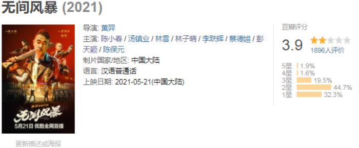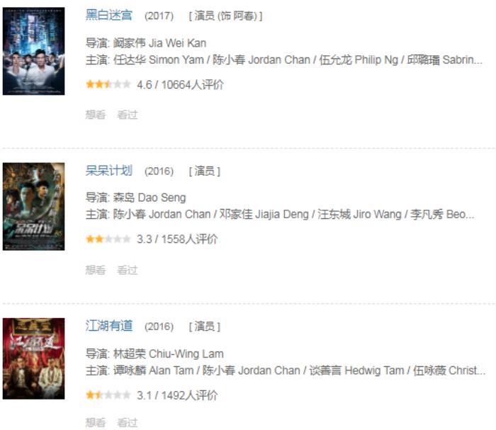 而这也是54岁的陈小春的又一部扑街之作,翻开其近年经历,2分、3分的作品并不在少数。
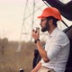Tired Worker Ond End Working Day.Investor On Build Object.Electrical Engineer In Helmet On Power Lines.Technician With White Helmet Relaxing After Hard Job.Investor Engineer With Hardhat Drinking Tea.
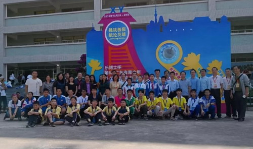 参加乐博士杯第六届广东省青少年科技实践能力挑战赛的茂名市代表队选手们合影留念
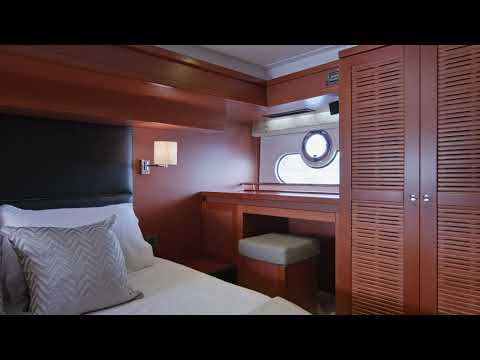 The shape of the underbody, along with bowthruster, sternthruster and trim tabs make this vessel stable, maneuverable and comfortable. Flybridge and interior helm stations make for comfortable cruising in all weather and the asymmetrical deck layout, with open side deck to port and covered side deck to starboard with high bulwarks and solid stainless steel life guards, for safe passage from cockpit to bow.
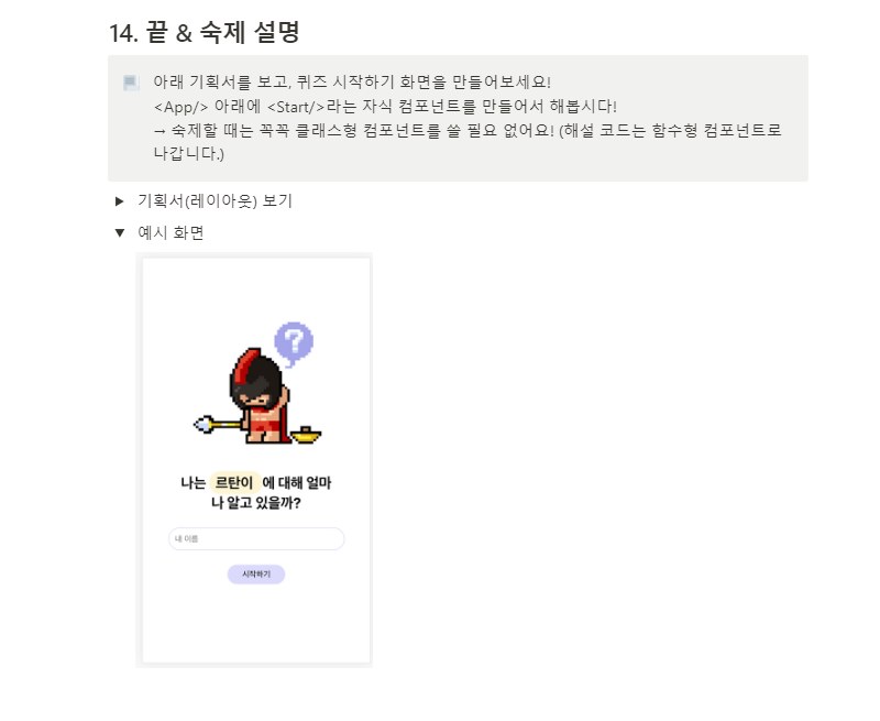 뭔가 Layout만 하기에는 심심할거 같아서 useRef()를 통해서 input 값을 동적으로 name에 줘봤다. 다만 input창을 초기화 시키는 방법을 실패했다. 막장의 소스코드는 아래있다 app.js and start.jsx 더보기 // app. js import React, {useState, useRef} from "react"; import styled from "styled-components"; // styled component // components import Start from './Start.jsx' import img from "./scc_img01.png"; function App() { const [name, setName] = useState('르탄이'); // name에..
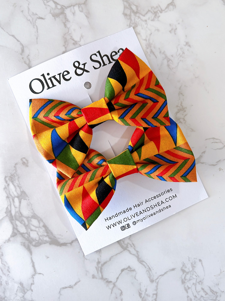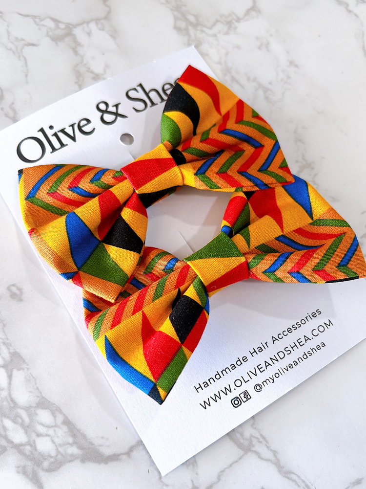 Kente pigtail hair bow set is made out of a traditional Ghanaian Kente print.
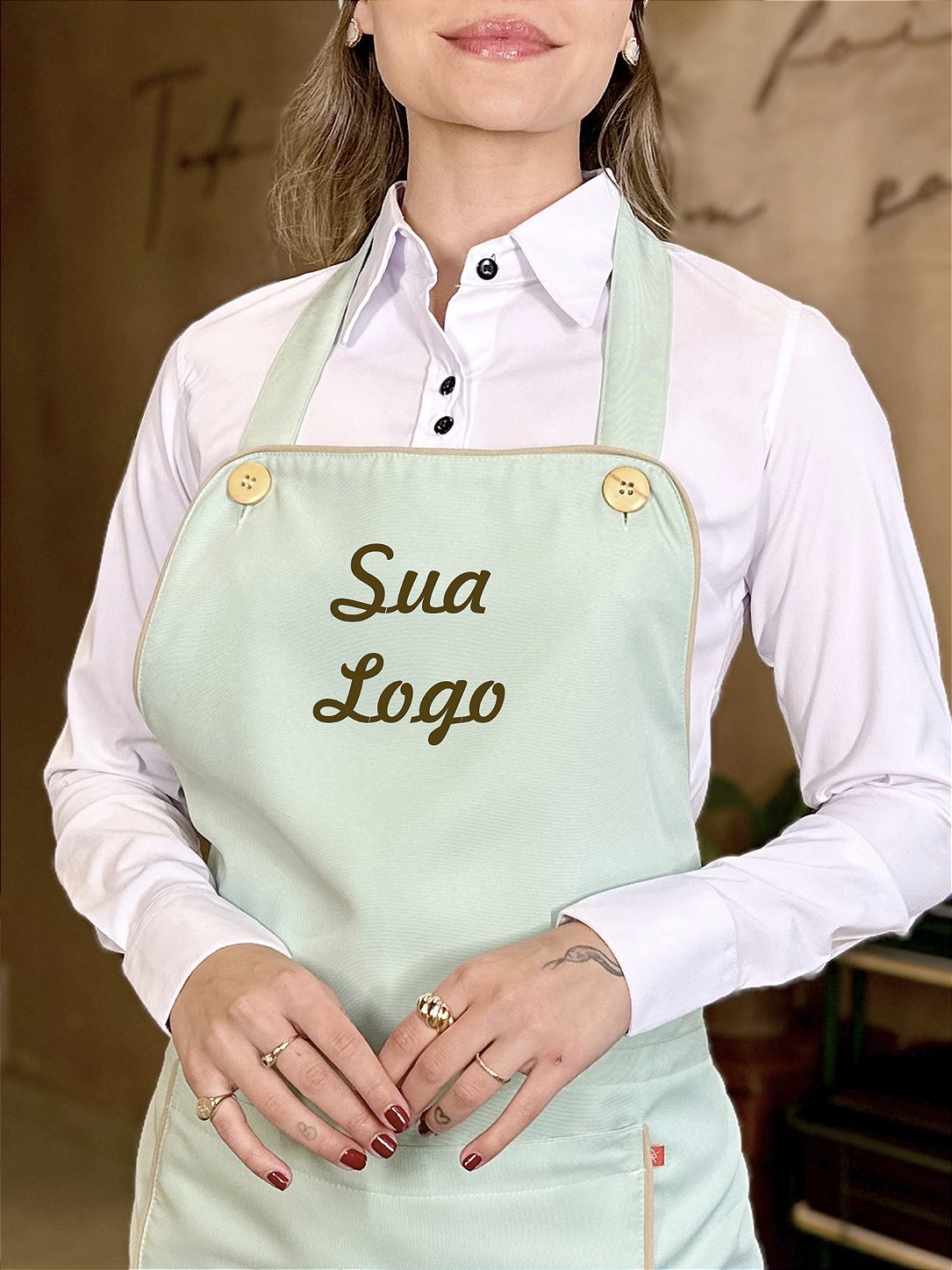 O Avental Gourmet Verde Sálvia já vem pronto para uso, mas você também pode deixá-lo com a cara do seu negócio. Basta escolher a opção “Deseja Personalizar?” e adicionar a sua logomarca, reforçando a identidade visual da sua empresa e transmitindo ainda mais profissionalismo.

-.-.-

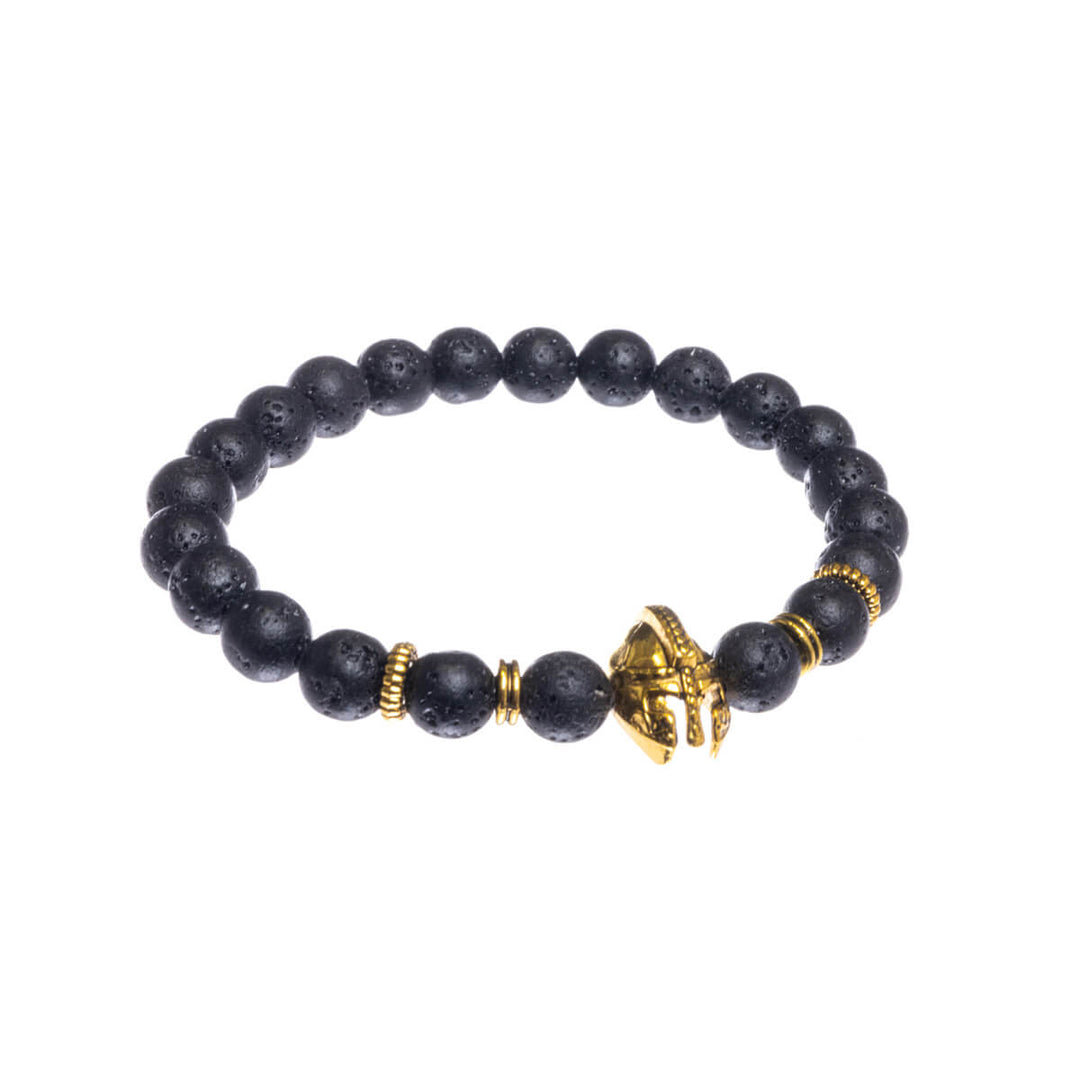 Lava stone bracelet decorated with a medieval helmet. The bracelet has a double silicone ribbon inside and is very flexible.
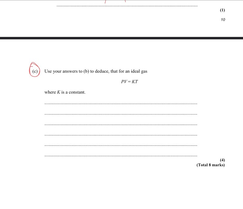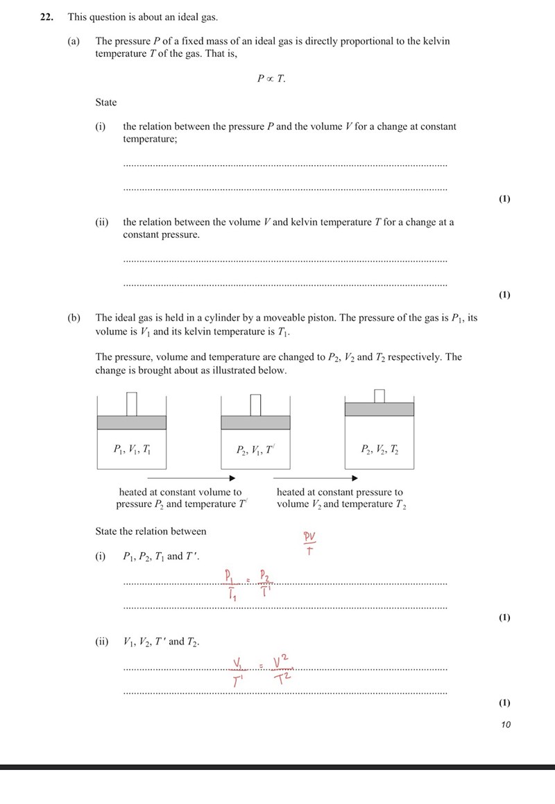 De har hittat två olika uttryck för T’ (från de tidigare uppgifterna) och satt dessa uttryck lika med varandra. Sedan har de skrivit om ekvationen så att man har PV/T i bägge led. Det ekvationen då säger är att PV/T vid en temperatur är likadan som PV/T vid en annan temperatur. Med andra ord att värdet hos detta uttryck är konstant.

-.-.-

## WHAT IS BEING ASKED
In the listing above, find the line containing "而这也是54岁的陈小春的又一" and the line containing "Kente pigtail hair", then print exactly those two lines and every line between them, minus the pictures.

## EXERCISE OUTPUT
 而这也是54岁的陈小春的又一部扑街之作,翻开其近年经历,2分、3分的作品并不在少数。
Tired Worker Ond End Working Day.Investor On Build Object.Electrical Engineer In Helmet On Power Lines.Technician With White Helmet Relaxing After Hard Job.Investor Engineer With Hardhat Drinking Tea.
 参加乐博士杯第六届广东省青少年科技实践能力挑战赛的茂名市代表队选手们合影留念
 The shape of the underbody, along with bowthruster, sternthruster and trim tabs make this vessel stable, maneuverable and comfortable. Flybridge and interior helm stations make for comfortable cruising in all weather and the asymmetrical deck layout, with open side deck to port and covered side deck to starboard with high bulwarks and solid stainless steel life guards, for safe passage from cockpit to bow.
 뭔가 Layout만 하기에는 심심할거 같아서 useRef()를 통해서 input 값을 동적으로 name에 줘봤다. 다만 input창을 초기화 시키는 방법을 실패했다. 막장의 소스코드는 아래있다 app.js and start.jsx 더보기 // app. js import React, {useState, useRef} from "react"; import styled from "styled-components"; // styled component // components import Start from './Start.jsx' import img from "./scc_img01.png"; function App() { const [name, setName] = useState('르탄이'); // name에..
 Kente pigtail hair bow set is made out of a traditional Ghanaian Kente print.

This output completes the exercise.